Myriopteris cooperae, formerly Cheilanthes cooperae,  is a species of lip fern known by the common name Mrs. Cooper's lip fern, or simply Cooper's lip fern.

Description
The rhizomes are short with closely-spaced leaf bases, typically  in diameter, and upright or ascending rather than horizontal. The rhizome bears persistent scales, whose shape ranges from linear-subulate to linear-lanceolate or lanceolate. They are brown or tan to reddish-brown in color, more or less uniform in color or darkening towards the tip.

The fern's leaves are up to about 30 centimeters long and a few wide, and are made up of segments subdivided into pairs of many-lobed smaller segments. They are pale green in color with glandular hairs.

The smallest segments are oval in shape and have sori with tan-colored sporangia on their undersides.

Taxonomy
The species was first described by D. C. Eaton in 1875, from material collected by Sarah Paxon Cooper near Santa Barbara, California and by John Gill Lemmon in Sierra Valley.

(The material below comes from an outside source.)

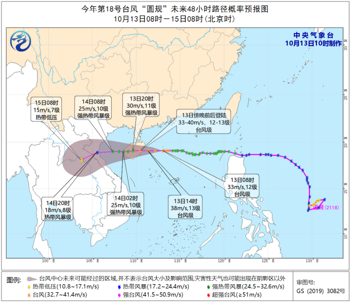 降水预报13日14时至14日14时,浙江东南部、福建东北部、台湾岛中部和南部、广东西南部、海南岛大部等地有大到暴雨,其中,浙江东南部、台湾岛东南部、福建东北部、广东中西部沿海、海南岛中南部等地的部分地区有大暴雨,台湾岛东南部局地有特大暴雨。
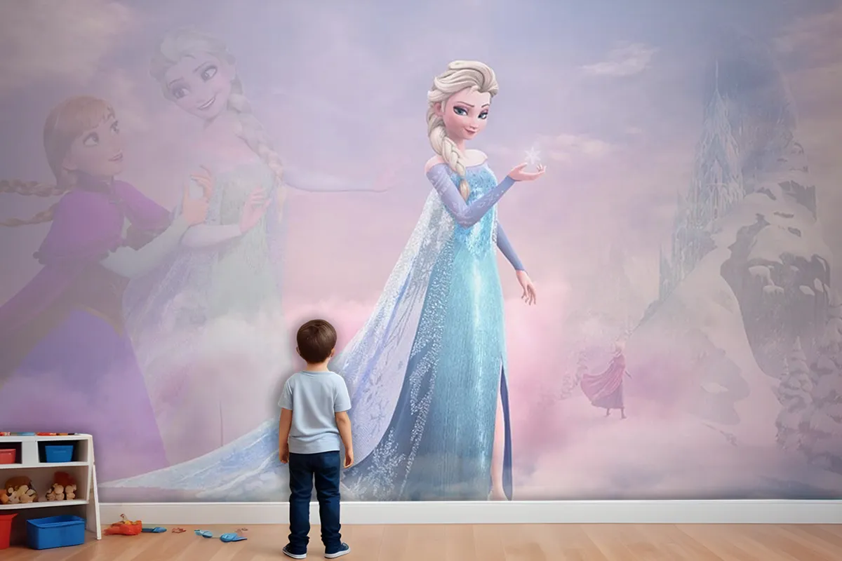 Renkli Bulutlar Arasında Elsa Çocuk Odası Duvar Kağıdı

He named the species for Cooper, according to him the first American fern to be named in honor of a female botanist. By a strict application of the principle of priority, Oliver Atkins Farwell transferred the species to the genus Allosorus as Allosorus cooperae in 1931, that genus having been published before Cheilanthes. Farwell's name was rendered unnecessary when Cheilanthes was conserved over Allosorus in the Paris Code published in 1956.

The development of molecular phylogenetic methods showed that the traditional circumscription of Cheilanthes is polyphyletic. Convergent evolution in arid environments is thought to be responsible for widespread homoplasy in the morphological characters traditionally used to classify it and the segregate genera that have sometimes been recognized. On the basis of molecular evidence, Amanda Grusz and Michael D. Windham revived the genus Myriopteris in 2013 for a group of species formerly placed in Cheilanthes. One of these was C. cooperae, which thus became Myriopteris cooperae. In 2018, Maarten J. M. Christenhusz transferred the species to Hemionitis as H. cooperae, as part of a program to consolidate the cheilanthoid ferns into that genus.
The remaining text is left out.